To clear up doubts about the specificity of the eIF4A1 antibody used in our manuscript (STJ27247 from St. John's lab), we have silenced the expression of human eIF4A1 gene in HeLa cells. A permanent silencing using lentivirus expressing shRNAs was impossible in our hands, probably because eIF4A1 is essential for cell proliferation. So, we carried out a transient silencing by means of esiRNA specific for human eIF4A1 mRNA, and the resulting cell extracts were probed with the antibody cited above.
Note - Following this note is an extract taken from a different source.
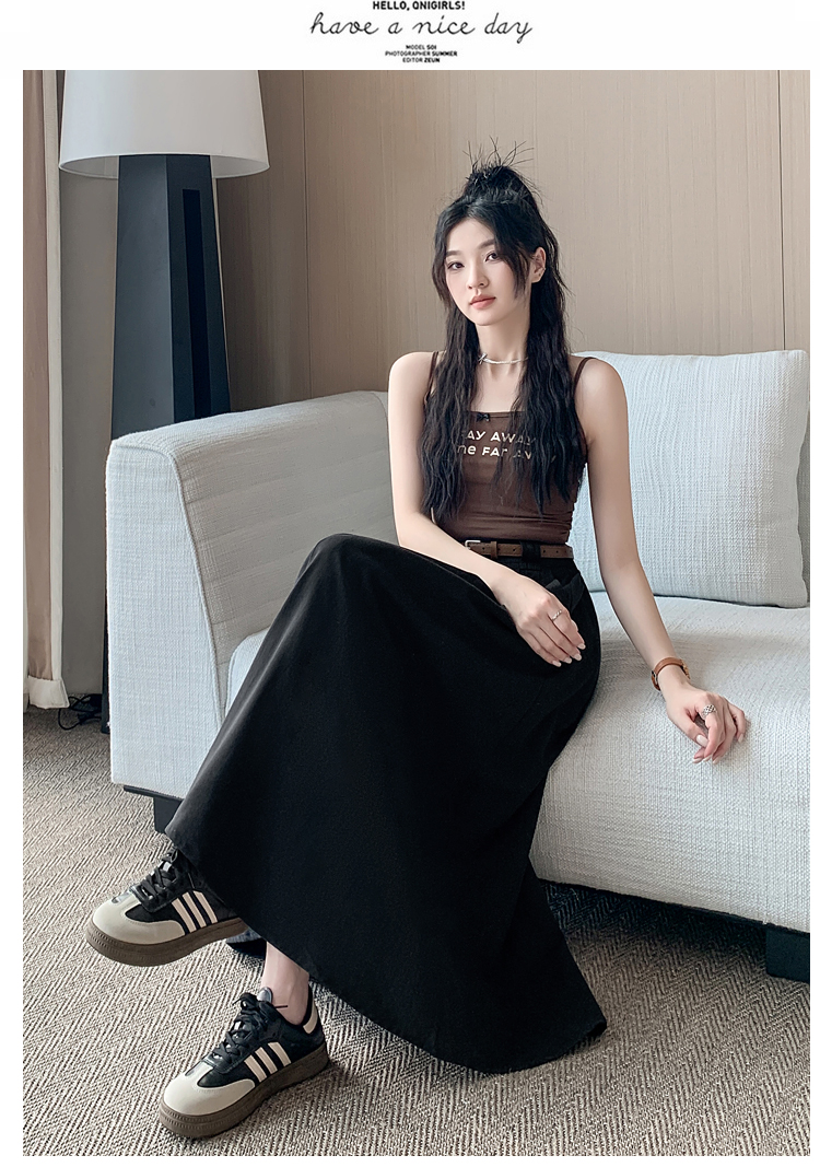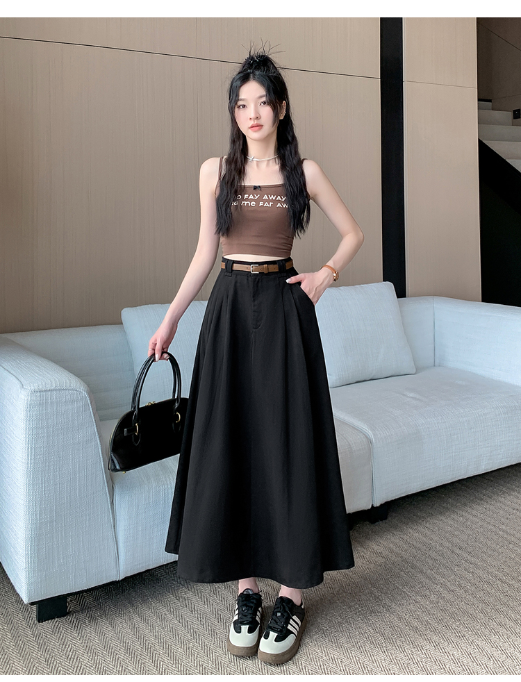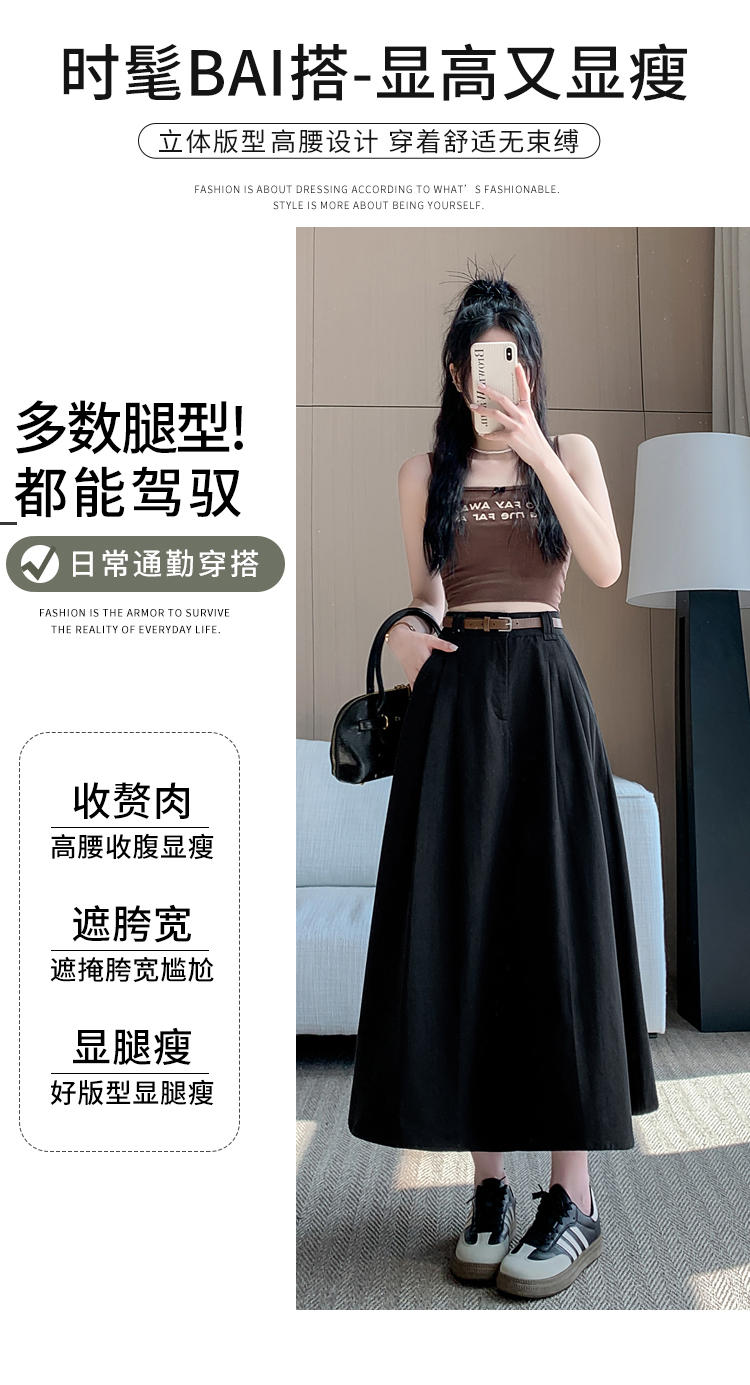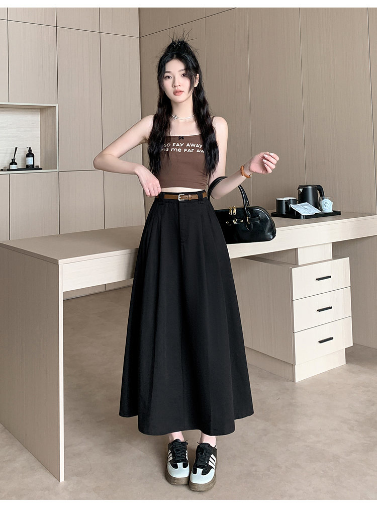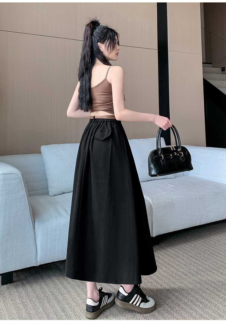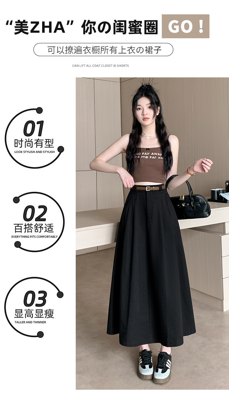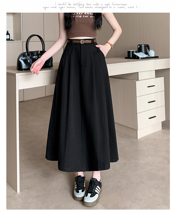 여성용 살구색 워싱 코튼 플리츠 미디 스커트, 2026년 봄/여름 신상, 엉덩이를 커버해주는 슬림한 A라인 미디 스커트로, 전체적으로 넓게 퍼지는 디자인입니다.

As shown in the new panel b of Figure 2—figure supplement 1, a reduction in the intensity of the 48 kDa protein band was observed, being consistent with the observed transfection efficiency (60-70%). This result shows that STJ27247 antibody is specific for eIF4A1. We have modified the text (figure legend of figure supplement and Materials and methods section) accordingly.